Lyme disease can elevate inflammatory compounds that can impact the liver and other organs
Patients with Lyme disease have been found to have many elevated pro-inflammatory compounds including: Interleukin-6 (IL-6), IL-8, Tumor Necrosis Factor – alpha  (TNF-α)[15], and C-Reactive Protein[16]. IL-6 is actually elevated in liver regeneration[17]. However, IL-6 is also a pathogenic factor in various autoimmune and chronic inflammatory diseases[18]. Elevated levels of Il-8 have been found in patients with neurologic Lyme disease. Elevated C-reactive protein have been associated with a decline in mental function and frontal lobe damage[19]. These inflammatory compounds can also dramatically affect the emotions of people with Lyme.

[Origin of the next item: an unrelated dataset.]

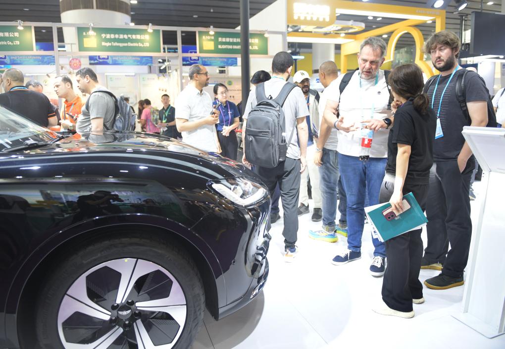4月15日,采購商在第135屆廣交會上了解新能源汽車。新華社記者盧漢欣攝
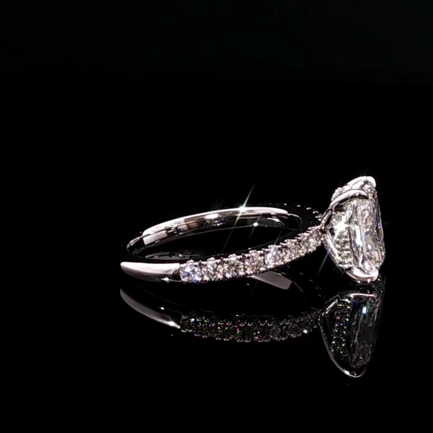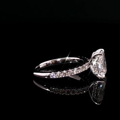 Our custom pave and hidden halo ring features a stunning 2.06ct Radiant diamond, a 1/2 diamond pavé band, and a hidden halo for added brilliance set in your 18k White Gold.

Liver dysfunction can also affect painful emotions
Painful emotions are directly attributed to dysfunction in the liver in Chinese medicine[20]. There is a strong correlation between elevated liver enzymes and higher levels of C-Reactive Protein[21]. In one study, depressed men had higher levels of inflammatory compounds IL-6 and C-Reactive Protein [22]. Another animal study correlates psycho-social stress with the production of inflammatory compounds Tumor Necrosis Factor – alpha (TNF-α) and IL-6 and increased liver inflammation[23]. Depression and anxiety were the two most common emotions in a study on alcoholic patients with liver scarring[24].

What else can help patients with Lyme or co-infection toxins that feel toxic and have abnormal liver function tests?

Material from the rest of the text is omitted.